Similar features are observed in five of the proteins shown in Figure 1. However, not all conformational changes can be described by low-frequency modes, especially if the transitions involve rearrangements on a local scale. In some proteins such as calmodulin, the conformational change can be almost fully accounted for by a few slow modes; in others, such as NtrC, this is not the case (25). Among motor proteins, the functional motions of myosin and F1-ATPase can be accurately described by one or two modes, but this is not the case for the evolutionarily related kinesin (83). For the ligand-binding domain of the leukocyte-immunoglobulin-like receptor (LIR-1) (Figure 1f), mode 3 helps to reduce the RMSD between the open and closed forms, presumably due to the correctly predicted anti-correlated movements of the two domains, but the overall mobility profile exhibits poor correlation with experiments owing to inadequate description of a solvent-exposed loop region. The RMSDs and correlation coefficients thus provide complementary information.

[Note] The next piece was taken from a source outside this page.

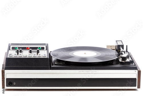 Fototapeta premium Vintage turntable record player with black vinyl

From another perspective, we can see that correlation cosines of ≥0.90 between the theoretical and experimental mobility profiles can be obtained upon adding up the contributions of only a handful of slow modes. Gerstein and coworkers (1) have now constructed a database of more than 3800 molecular motions, which shows that the slow modes often exhibit maximum overlap with the experimentally observed directions of reconfiguration. The slow modes can be readily evaluated and visualized for any structure deposited into the PDB, or any model written in PDB format, using the ANM server (21).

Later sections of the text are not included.